The Grand Rapids Press: Fight Card Check Scam

The Grand Rapids Press is calling for the defeat of the Card Check Scam Bill:

Under the Employee Free Choice Act, a majority of employees simply need to sign a card expressing a willingness to join the union. Workers would likely make this crucial decision in the presence of union organizers, who would undoubtedly exercise considerable influence over them. Fellow workers would probably know who voted and how. So would bosses. Unions could still call a secret election, but the company’s right to demand one, something that is typically done now, would be taken away.

In addition to undermining secret ballots, the act would force companies to enter binding arbitration for a new union’s first contract and toughen penalties for companies that violate labor laws.

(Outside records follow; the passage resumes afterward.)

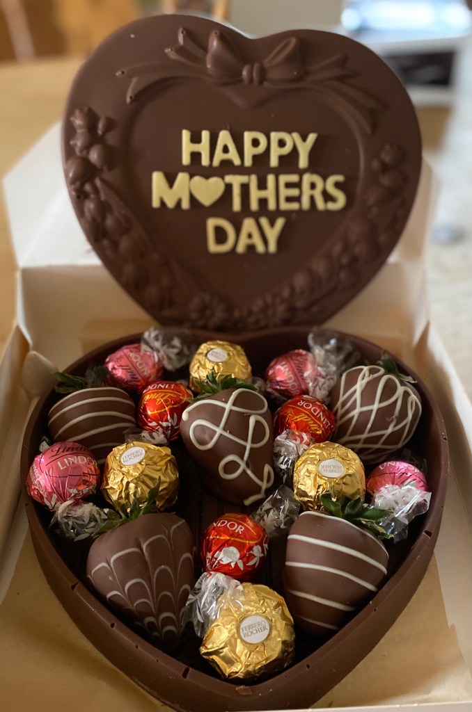 Sunday: Mothers Day, so much love today for some and so much sadness for others x x It was a fair bit colder today than the whole of the last week but we still got on with a few jobs outside. John spent the morning clearing old rails from the paddock and then dragging the smaller middle one. I spent the early bit of the morning going round cutting foliage and flowers for the bouquet of the day. Charlie came round early on with breakfast for me 🥰 pastries, fruit, yoghurt, smoothie and also a chocolate heart box made locally, beautifully made with delicious chocolate covered strawberries and chocolates inside. Near lunchtime I gathered the flowers and foliage that had been conditioning and I made my first home grown bouquet, and naturally it was going to be for my Mum 😁 I was excited and nervous putting it together but the result was beautiful, a home grown, sustainable bouquet, I even impressed myself 😝 Off round to see Mum, give her the flowers and have a cuppa with her before returning home as Sam, Luke and the children had arrived at ours. Sam got me some lovely new gardening gloves and a very professional looking pair of long blade snips for cutting flowers (I need a tool belt I think as I kept losing my secateurs this morning) We fed the tortoises and the horses then they went for a walk before going home. A quick sit down and a cup of tea before the afternoon rounds and then round to Shelley and Martins for a roast dinner which was amazing. Presents again, Hotel Chocolat choccies and a daily organiser for me to write all my jobs and musings down in, I have been spoilt rotten 🥰
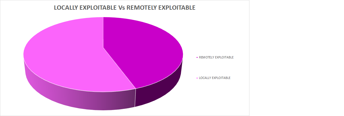 Another important classification is based on their nature of exploitability, we find that locally exploited vulnerabilities are more than the remotely exploitable ones.
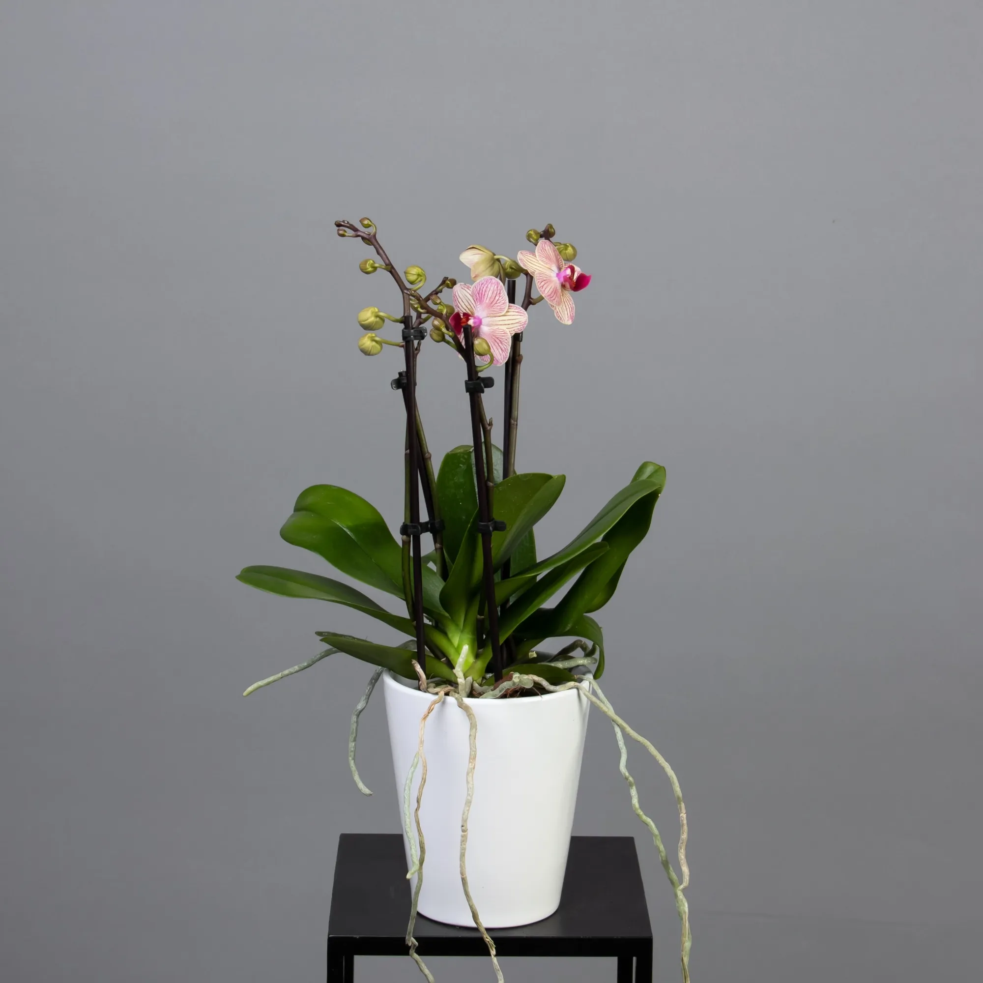 Как правило, растения доставляются в техническом пластиковом горшке от поставщика. Если в наименовании указано «в керамике/цинке», то в эту стоимость входит декоративное кашпо.
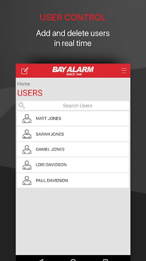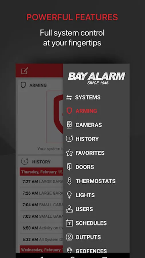 The Bay Alarm App offers the following features:
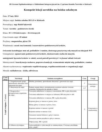 III Liceum Ogólnokształcące z Oddziałami Integracyjnymi im. Cypriana Kamila Norwida w Kielcach Konspekt lekcji aerobiku na boisku szkolnym Data: 27 luty 2014 Miejsce zajęć: boisko szkolne III LO w Kielcach Prowadzący: mgr Rafał Sękowski Temat: Aerobic - podstawowe kroki Klasa: 3C i 2 B dziewczęta – 26 ćwiczących Czas trwania zajęć: 45 minut Przybory: magnetofon, płyta CD Wiadomości: uczeń zna komendy i nazewnictwo podstawowych kroków, ćwiczenia kształtujące mm ud, pośladków i ramion, dostrzega pozytywną rolę muzyki na lekcjach WF Umiejętności: opanowanie podstawowych kroków, dostosowanie ruchu do muzyki, umiejętność łączenia kroków w całość, uczeń potrafi powtórzyć i wykonać układ ćwiczeń Motoryczność: koordynacja ruchowa, poprawa kondycji, wzmocnienie mięśni nóg, pośladków, ramion Akcent wychowawczy: wspieranie współćwiczącego, współuczestniczenie w organizacji zajęć Metoda: naśladowcza - ścisła, odtwórcza I część wstępna (7 minut) Część lekcji Tok lekcji Zadania szczegółowe 1. Zorganizowanie grupy, Zbiórka, powitanie, sprawdzenie obecności i gotowości do zajęć. sprawdzenie obecności oraz gotowości do zajęć. 2. Motywacja do zajęć. Podanie tematu lekcji, uświadomienie uczniom walorów ćwiczeń z muzyką. Zachęcenie do udziału w lekcji. 3. Rozgrzewka i Ćwiczenia oddechowe w miejscu z unoszeniem, RR w górę skrzyżnie. przygotowanie organizmu Ćwiczenia oddechowe w miejscu ze skłonem, RR skrzyżnie w dół. do zajęć. Czas 1' Uwagi Ustawienie w szeregu. 1,5' Ćwiczenia oddechowe w marszu, RR w górę skrzyżnie. Krążenia głowy w marszu w prawo, lewo. Skłony głowy w marszu w prawo, lewo. Krążenia ramion w marszu w przód. Krążenia ramion w marszu w tył. Unoszenie ramion bokiem w górę w marszu. Unoszenie ramion przodem w górę w marszu. Półprzysiady, RR w przód. 4. Zabawa ożywiająca. Luźne podskoki w rytm muzyki ze zmianą miejsc. Ćwiczący przybijają sobie „piątki”. 3' Ustawienie w szachownicę. Część lekcji Zadania szczegółowe Tok lekcji 5. Kształtowanie Step - out (szeroki rozkrok i akcent z dotykaniem podłoża palcami stóp: umiejętności, doskonalenie wymachy RR na przemian (PR, LR) z boku w przód sprawności motorycznej. wymachy RR (obu jednocześnie) z boku w przód Uwagi 8x Ustawienie w szachownicę. 8x wymachy RR na przemian (PR, LR) z boku w górę 8x wymachy RR (obu jednocześnie) z boku w górę Step - touch (krok dostawny): 8x RR wzdłuż tułowia 8x 7. Łączenie kroków w całość. wyrzut RR (obu jednocześnie) góra, dół 8x klaśnięcie przed sobą 8x 8. Doskonalenie całego układu. z podniesieniem kolana 8x wyrzut RR w przód na 1,2 na 3,4 skrzyżowanie dłoni na barkach 8x wyrzut naprzmienny RR góra, skos 8x po L w prawo, RR wzdłuż tułowia 8x po L w lewo, RR wzdłuż tułowia 8x po kwadracie, RR do poziomu Podwójny step - touch (krok dostawny podwójny): 8x RR wzdłuż tułowia 8x RR skrzyżnie przed sobą 8x z unoszeniem kolana 8x unoszenie prostych RR w górę 8x z klaśnięciem z podskokiem 8x z obrotem 8x 8x 8x 8x 8x 8x 8x 8x 8x 8x 8x 8x 8x 8x 8x 8x II część główna (33 minuty) 6. Nauka poszczególnych kroków i ich nazw. po L w prawo, RR wzdłuż tułowia po L w lewo, RR wzdłuż tułowia po kwadracie, RR skrzyżnie przed sobą po skosie w przód, tył V step w przód V step w tył Heel-back pojedynczy (ugięcie kolana) Step-touch podwójny, RR skrzyżnie w przód V step w przód V step w tył Step-touch podwójny z akcentem kolano - łokieć Heel-back podwójny (podwójne ugięcie kolana) Grapevine w prawo (krok skrzyżny z tyłu) Grapevine w lewo (krok skrzyżny z tyłu) Step-touch po kwadracie, RR w bok III część końcowa ( 5 minut) Czas 8x 9. Uspokojenie organizmu. Ćwiczenia stretchingowe w siadzie. Ćwiczenia oddechowe. 10. Czynności organizacyjne 11. Nastawienie do samodzielnej pracy. Zbiórka, podsumowanie zajęć, przypomnienie używanej terminologii poszczególnych kroków. Pochwały. Porzadkowanie miejsca ćwiczeń. 2' Nauka fragmentami, które połączone w całość tworzą układ, który powtarzamy 2-3 razy. Ustawienie w szachownicę. 2' Ustawienie w szeregu. Motywacja do dalszych ćwiczeń oraz aktywnego i zdrowego stylu życia. 1'
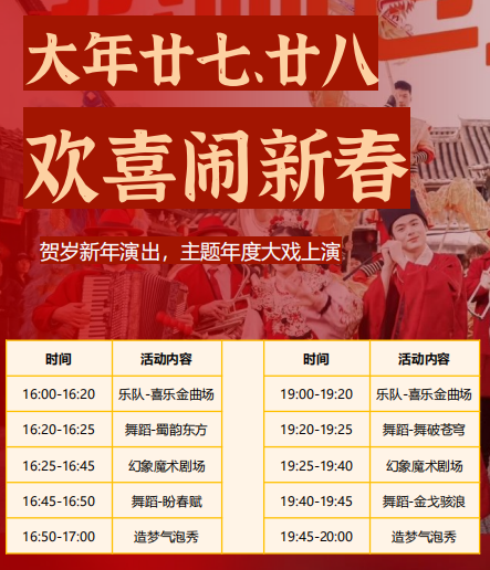 该主题板块以“美食”为纽带串联文脉、潮流与市井烟火,为市民游客带来多重感官盛宴:在百伦百货简阳美食街推出状元餐秀《金榜九味·状元雅宴》,以简州四状元的人生传奇为精神内核,打造集乐舞演绎、光影艺术与餐饮体验于一体的主题餐秀,在舌尖上演绎拼搏奋进的人文精神;在石桥古镇推出“非遗传承 年味石桥”长桌状元宴,搭配非遗市集与九莲灯、逗幺妹、舞龙舞狮等民俗展演,打造视觉、味觉双重沉浸的节庆体验;联合海底捞推出热门IP联名限定套餐,打造Z世代沉浸式餐饮社交场景,让美食吃出新鲜感、玩出互动感;统筹优质餐饮企业推出主题宴席与惠民套餐,开展“简阳吼堂”活动,让市民在一桌一席间,尽享地道年味与人情温暖。
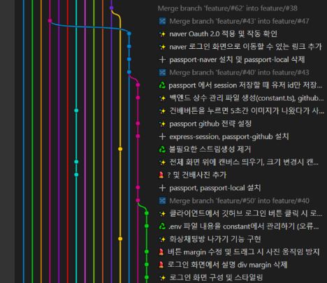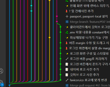 해당 시점에 개발을 할 때는 기본 Merge 전략만 사용했기 때문에 저런 그래프가 등장하게 되었습니다.
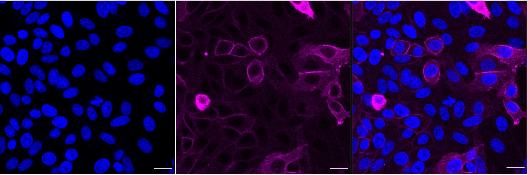 Immunocytochemical staining of HepG2 cells with EGFR antibody. Nuclei were stained blue with DAPI; EGFR was stained magenta with Alexa Fluor? 647. Images were taken using Leica stellaris 5. Protein abundance based on laser Intensity and smart gain: High. Scale bar, 20 μm.
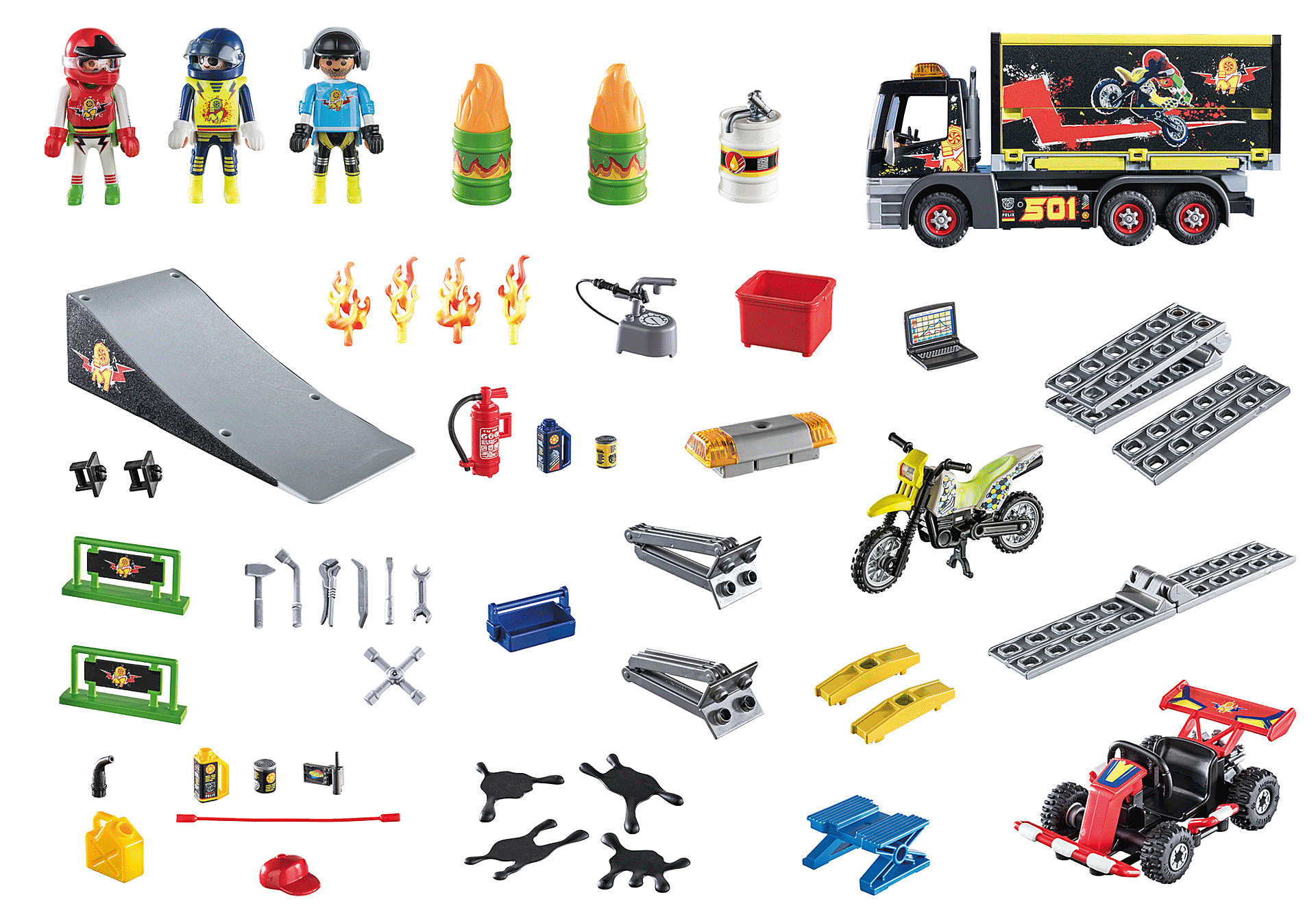 Grenzeloze actie bij de grote stuntshow! De monteurs controleren de voertuigen nog één keer voordat de stoere stuntman met zijn motor van de helling af en door het vuur spingt. Vervolgens pakt de crew alles in en rijdt naar de volgende locatie.
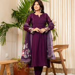 Purple Resham Embroidery A-Line Chanderi Silk Kurta Trouser Dupatta Set
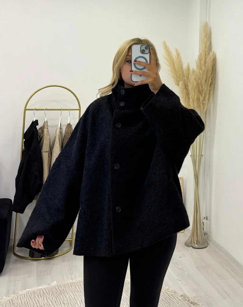 Dik Yaka Düğmeli Oversize Kısa Panço Ceket ile soğuk havalarda stilinizden taviz vermeden sıcak kalın. Panço konforunu ceket şıklığıyla birleştiren bu model, modern ve dökümlü siluetiyle dikkat çeker.
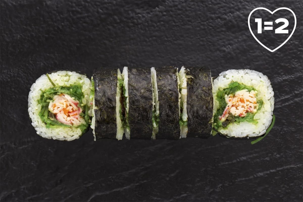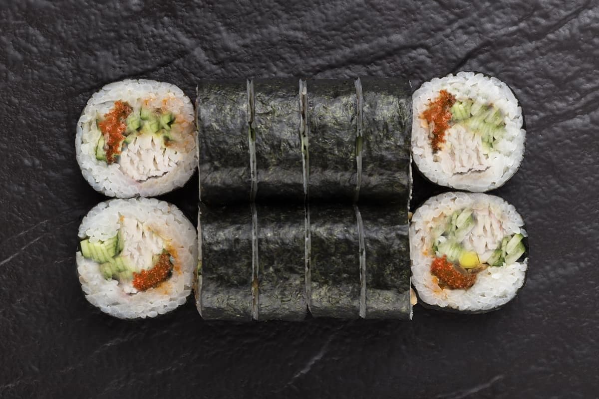 рис / водорості норі / ікра корюшки / Сурімі / майонез / насіння кунжуту / огірок / тофу
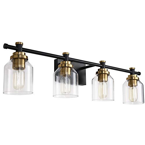 - 3.HIGH QUALITY MATERIAL: Transparent Glass lampshade +Power Coated Matt Black Frame with bronze fixtures
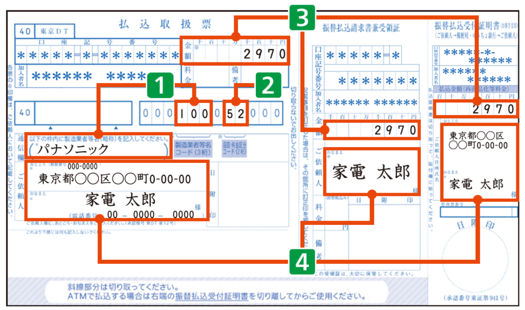 - 記入台にある 「家電リサイクル券」 に必要事項を記入
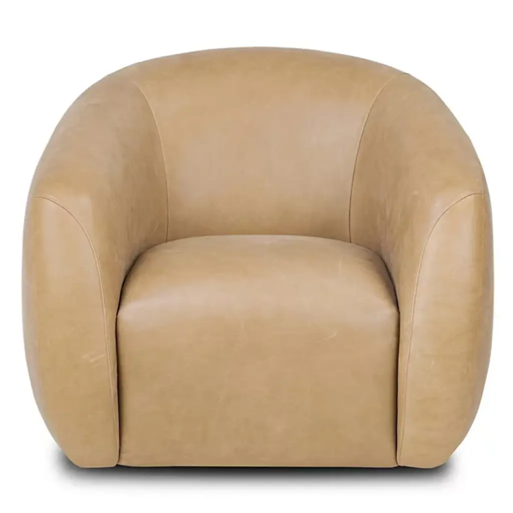 The Channing Swivel Chair from Four Hands infuses European design principles into a thoroughly modern seating solution. The engineered hardwood and acacia plywood construction provides a robust foundation for the polyester-acrylic blend upholstery. Its balanced cushioning system combines polyester fiber batting with polyurethane foam pads, while the swivel base adds functionality. The heathered texture of the fabric creates subtle depth variations across the surface.

The act strikes at the heart of a basic tenet of democratic elections — the guarantee that people can cast their ballots without fear of retribution or coercion. Before a labor organizing vote takes place, unions and employers should have full and equal access to employees to make their respective cases. If that is not happening now, as union leaders claim, Congress should write laws to make sure it does.

However, when the public debate is done, workers deserve the right to weigh the momentous decision about joining a union with only their own consciences and considerations as guides. Anything less than a protected secret ballot is simply anti-democratic.

Both sides agree that the Employee Free Choice Act would be the biggest change to labor law since the 1930s. Unions are demanding it in part because they’ve seen their numbers decline as a percentage of the work force in the last few decades. Passing this bill may help them recoup membership losses, but not on fair terms.

The Employee Free Choice Act is divisive politics and bad policy. The measure won’t help workers. It certainly won’t help Mr. Obama as he seeks to change the tone of Washington.